Comparing the BMI of Zebrafish fed on a normal diet versus a high fat diet

Richard Tandoh, Jordan Smith, James Walters

Abstract


Dyslipidemias, such as obesity, are a challenge facing people worldwide and dyslipidemia associated diseases are influenced by both genetic and environment factors. Animal models of obesity are essential to help us understand the signaling pathways underlying dyslipidemias. Zebrafish have many structures and functional similarities with humans and have been used by many labs to investigate various human diseases, including obesity. The purpose of this research is to use zebrafish adults in a model of diet-induced obesity to determine body mass index changes in response to a high-fat dietary challenge. Our hypothesis is that zebrafish fed on normal diet will have less visceral and subcutaneous adipocyte tissues when compared to zebrafish fed on a high fat diet. To simulate a normal diet, male and female adult fish will be fed 5 mg of artemia per fish each day where as high-fat diet fish will be fed 5 mg of artemia plus 30 mg of egg yolk powder instead. The body weight and body mass index of both male and female zebrafish will be measured at the end of 8 weeks and compared.
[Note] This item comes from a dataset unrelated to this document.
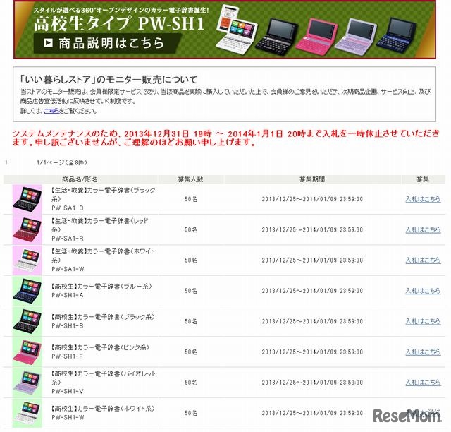 シャープは12月25日、カラー電子辞書Brainシリーズの高校生向けモデル「PW-SH1」と、中学生向けモデル「PW-SJ1」を発表した。どちらも2014年1月24日発売予定。希望小売価格はオープンだが、予想実売価格は「PW-SH1」が4万円前後、「PW-SJ1」が3万6千円前後。

We expect to observe that female zebrafish show an increase in body weight and BMI as compared to their male counterparts. Viewing the visceral and subcutaneous tissues of the zebrafish will be determined by computer tomography after zebrafish are fasted and sacrificed. This work was supported by NIH Grant P20GM103434 to the West Virginia IDeA Network for Biomedical Research Excellence and NIH Grant P20GM10343.